**THE PROBLEM**
Lines before the one containing "本次惠民补贴活动自3月1日持" are not copied; that line and every one after it, through the end of the material below, are printed exactly, without pictures.

**DATASET EXCERPT**
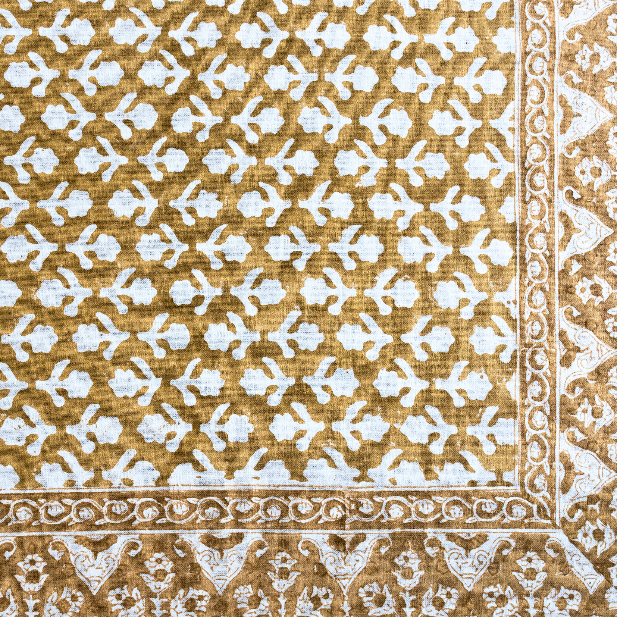 Caramel Block Print Tablecloth
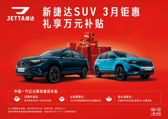 本次惠民补贴活动自3月1日持续至3月31日,居民购车可叠加享受政府购车补贴和一汽集团购车补贴。具体兑付方式上,消费者在购买车辆后登陆银联银闪付平台申请相应补贴,申请通过后即可享受厂家直供的消费红包。
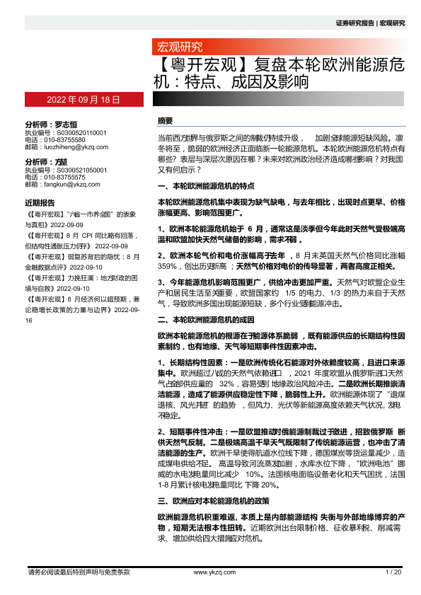 【粤开证券】【20220918】复盘本轮欧洲能源危机:特点、成因及影响-20页
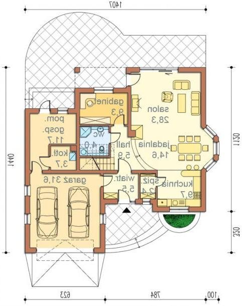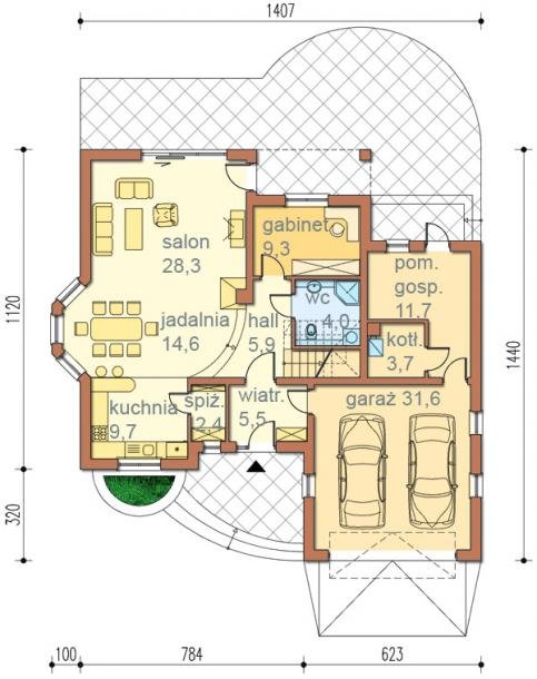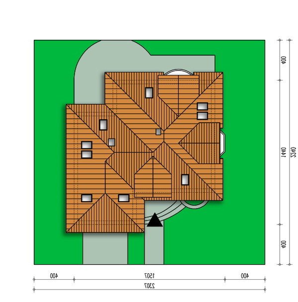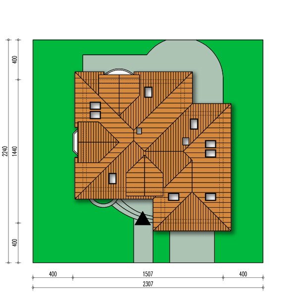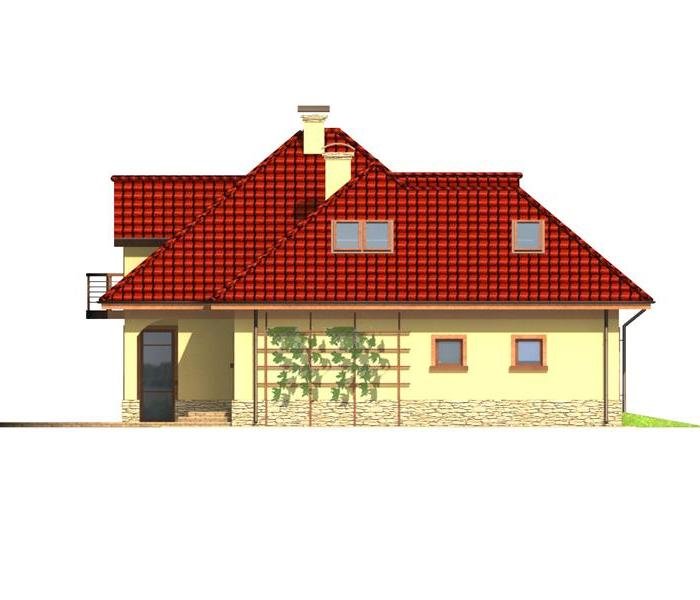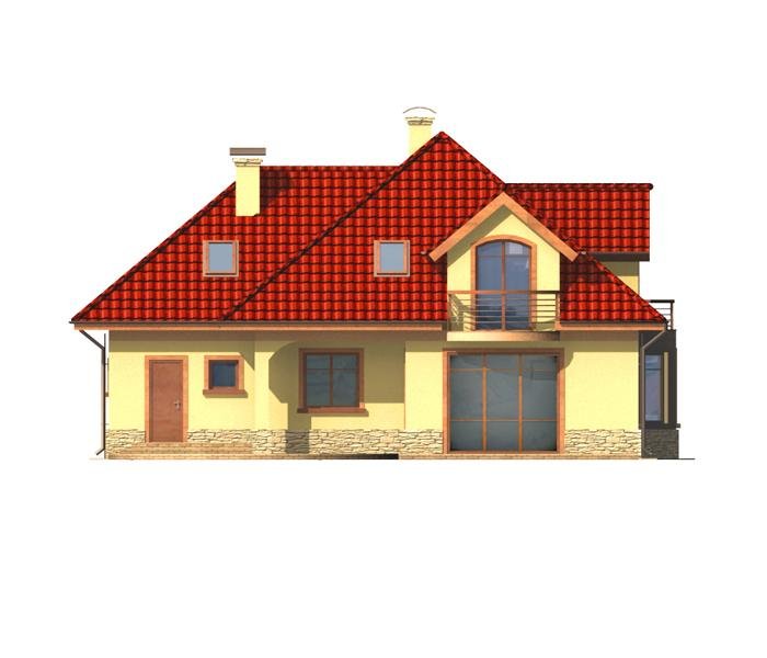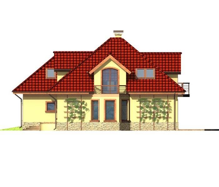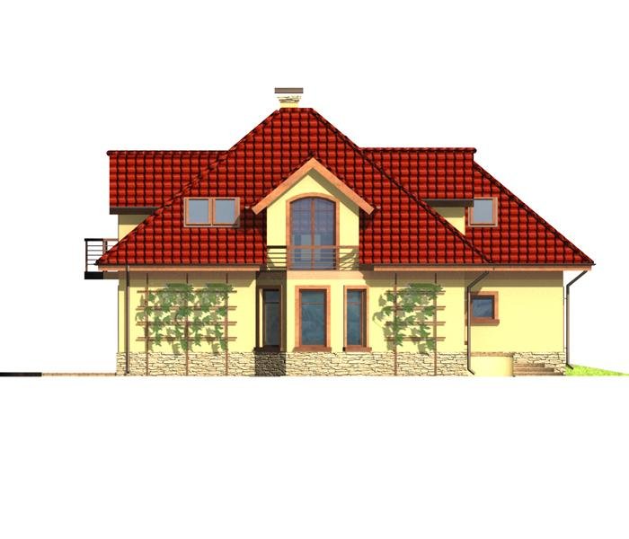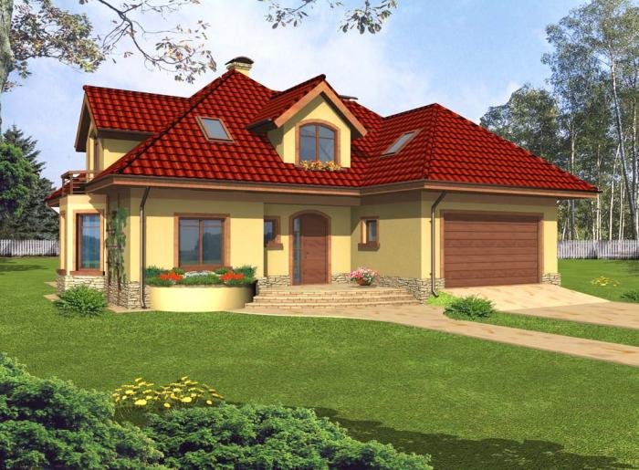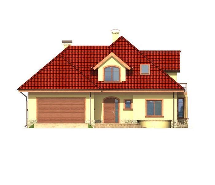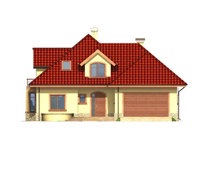 Jest to dom parterowy z użytkowym poddaszem i wbudowanym garażem na dwa samochody. Bryła domu przekryta wielospadowym dachem z lukarnami jest bardzo atrakcyjna wizualnie i będzie wyróżniała się swoim wyglądem wśród sąsiadującej zabudowy.

**RESULT BELOW**
 本次惠民补贴活动自3月1日持续至3月31日,居民购车可叠加享受政府购车补贴和一汽集团购车补贴。具体兑付方式上,消费者在购买车辆后登陆银联银闪付平台申请相应补贴,申请通过后即可享受厂家直供的消费红包。
 【粤开证券】【20220918】复盘本轮欧洲能源危机:特点、成因及影响-20页
 Jest to dom parterowy z użytkowym poddaszem i wbudowanym garażem na dwa samochody. Bryła domu przekryta wielospadowym dachem z lukarnami jest bardzo atrakcyjna wizualnie i będzie wyróżniała się swoim wyglądem wśród sąsiadującej zabudowy.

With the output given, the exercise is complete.